Is It Time To let Africa Go?
"I hate that Black people call themselves African-American!" Shouted Bola, half-jokingly in my high school's weekly Black Student Association meeting.
"WE are are African! not y’all!" she gestured toward the other proud Nigerians in the room clapping and laughing in approval at their vocal leader. That was the first time I ever saw a clear distinction between African Americans and African immigrants and their descendants. And this realization was in the midst of my cultural identity crisis. I always loved learning about cultures but because of my perceived lack of culture as a black woman (who many of my peers considered to be too “white” anyway) I had gone through phases of really trying to identify and claim cultures that weren't mine. I used to tell people I was Jamaican as I was obsessed with Bob Marley and Caribbean music. Then I found my love for the Spanish language and began listening to Spanish music and watching Spanish TV exclusively searching for a way to identify and set roots. By the time of the aforementioned Black Student Association meeting in my freshman year of high school, I had staked cultural claim onto Africa. It felt right, I thought, as I was clearly a descendant of African people despite having no concrete ties anywhere in my recent family history. I embraced African studies and geography, and after reading a National Geographic Article on DNA tests to trace the lineage of African- Americans, I was ready to take my test and trace my roots. You couldn't tell me that that i wasnt the embodiment of Africa at the time.
So when I heard my assumed African Brothers and Sisters distance themselves from their descendants, I was devastated. They went on and on about how educated African immigrants were and opposing black stereotypes, they introduced us to special words they had that demeaned us. I realized we were in fact very different.
A large part of the Black Nationalist movement is anchored in a reverence to Africa. A praise of a nation that we never knew, of a history that was robbed from us. "Unfinished Migrations" lays out 5 constitutional elements of diasporic consciousness, 3 of which deal with reverence to the Motherland.." The making of a memory and vision of that homeland"..." a commitment to the maintenance/restoration of the homeland, desire for return to the homeland"
From Marcus Garvey’s movement back to Africa, and the migration to Liberia, and the reclaiming of African inspired names and traditions in the 70s, black Americans have always been searching for acceptance in the “motherland” but ti’s always a shock when we realize that after so many years of families being ripped apart, names, customs, and being erased from our minds, we have become culturally different from our counterparts on the ancestral territory.
Saidiya Hartman realized this once she finally got to Africa. In the prologue to “Lose Your Mother: A Journey Along the Atlantic Slave Route” she finds that she feels like more of an outsider than a welcomed child when she arrives to Ghana. She is called “Obruni” by locals, spotted early on by children on the street.
“By the time the captives arrived on the coast, often after trekking hundreds of miles, passed through the hands of African and European traders, and boarded the slaver, they were strangers. In Ghana they say that a stranger is like water running over the ground after a rainstorm: it soon dries up and leaves behind no traces.”
She talks of how desperately she had tried to reinvent herself in search for links to her cultural ties to Africa. Although I never got around to taking a pilgrimage to Africa or changing my name, we both showed that we were ashamed and lost we were as a result of being a stranger - not an African but a Black American.

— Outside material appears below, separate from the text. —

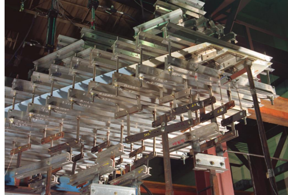
Example of a distributed wing load test

All remnants of African culture has definitely not been erased from our lineage, we see traces of it in our music, dance, the way we do our hair and of course our genetics. But Black culture has certainly taken on a life of its own the more distant Africa became in the memories of the descendants of the slaves. It took me a while to realize the significance of Black culture and the fact that the every part of our history (the good and the bad) brought us to where we are now.
The fact that I have an english name is evidence of my history, and the way black culture has meshed and reshaped American culture is a testament to survival and something to be very proud of. So letting go of Africa doesn’t have to mean forgetting it or resenting it. It is an understanding that yes my ancestors came from there but history has taken my lineage much further and that is nothing to be ashamed of.